If you think you may find yourself unemployed because of COVID 19 or found yourself unemployed, this article has a list of unemployment resources you may find helpful. It provides tips to reduce your monthly costs to get you by, then moves into ways to prepare to gain employment again.
1. Ask your employer this
Once you know unemployment is coming, you’ll want to find out your last day of health insurance benefits (if you have them through your company). These benefits may run out at the end of the month you are released. If you have a spouse who has benefits, you can add yourself to their plan within 30 days of being unemployed as losing employment counts as a life event. Healthcare.gov has a page educating people on Qualifying Life Events. Though you can also look for a health plan on the Marketplace via Healthcare.gov, you may not qualify for lower-cost plans if you are eligible for coverage under a family member’s job-based plan. According to Healthcare.gov, it all depends on whether the job-based insurance that’s offered to you is considered affordable and meets certain minimum value standards. You may run into the acronym UI in these resources, this stands for Unemployment Insurance.
You also have the option to keep your insurance but will have to pay that premium in full through COBRA. COBRA allows you the option to continue your health plan but you often must pay the entire premium to keep it. The premium is the amount you’ve been paying for your health insurance plus the amount your employer was sharing in the cost for you to have the plan.
2. Find your State’s Resources
CareerOneStop.org is a website owned by the U.S. Department of Labor. You can go to the site and pick your state and find out what unemployment benefits are available to you. This resource will help you find how to apply online as well.
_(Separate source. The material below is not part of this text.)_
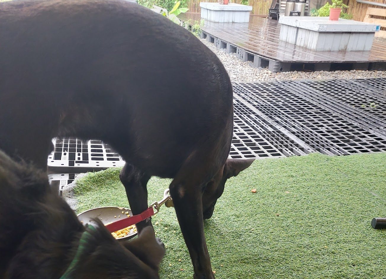 東西很好吃 還有可愛狗狗陪玩陪吃?

Applying online will be speedier then calling as phone lines to each state’s unemployment office are likely to have long wait times, if you can even get through.
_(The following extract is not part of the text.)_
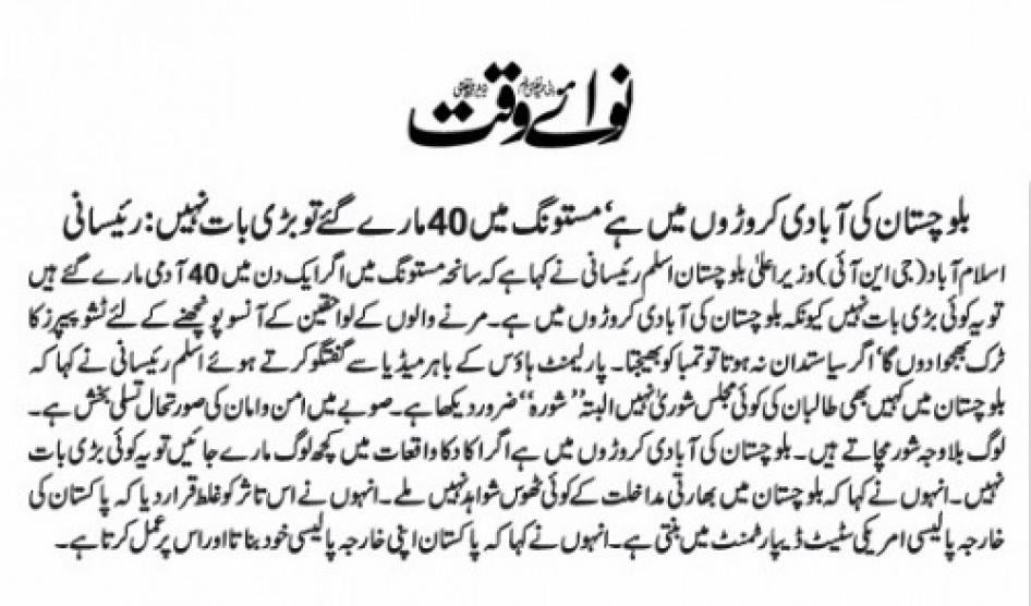 [176] Javeria Nasir, “Two killed in Quetta firing,” AAJ News, April 21, 2012, http://www.aaj.tv/2012/04/two-killed-in-quetta-firing/ (accessed June 2, 2014).

3. Collect the Information You’ll Need to Submit
To file your initial unemployment application, you’ll need to have (or know) your:
- Social Security Number or Alien Registration Number (if applicable)
- Driver’s License or State Issued ID (though these items may not be necessary)
- Mailing address, city, state and ZIP code and county where you reside
- Contact information of your employers for the last 18 months (and DD 214 if you were released from the military within that 18 months)
- Last day you worked immediately prior to filing your unemployment claim
- Amount of any severance, vacation, holiday or payment for unused sick pay and date it will be paid to you
- Amount of any pension other than Social Security, the start date, and monthly benefit amount
4. Skip Debt Payments
Many banks and financial institutions are offering immediate relief by allowing their clients to skip a few payments if impacted by COVID-19. In fact, many households in the U.S. pay about $800 a month in car payments. Skipping those payments can reduce your stress immediately if you can skip those.
5. Reduce or Postpone your Student Loan Payment
All Department of Education owned loans have a 0% interest rate as of March 13, 2020. This includes all Direct and Federal Family Education Loans (FFELP) in any status (in repayment, in school, grace, deferment, forbearance, etc.). If you’ve been impacted by the coronavirus and are having difficulty making payments, you can reduce or postpone your payments and log in online to check out your options. Unfortunately, if you have a private student loan or refinancing your Department of Education loan with another company, you will need to contact that company directly as this only applies to the Department of Education owned loans.
6. Reduce Car Insurance
The auto insurance institute lists out nine ways to lower your auto insurance costs. Though the first tip is to shop around, you may want to call your car insurance first to check how low they can get your insurance cost for you before shopping around. Your current insurance provider may just be the best after all.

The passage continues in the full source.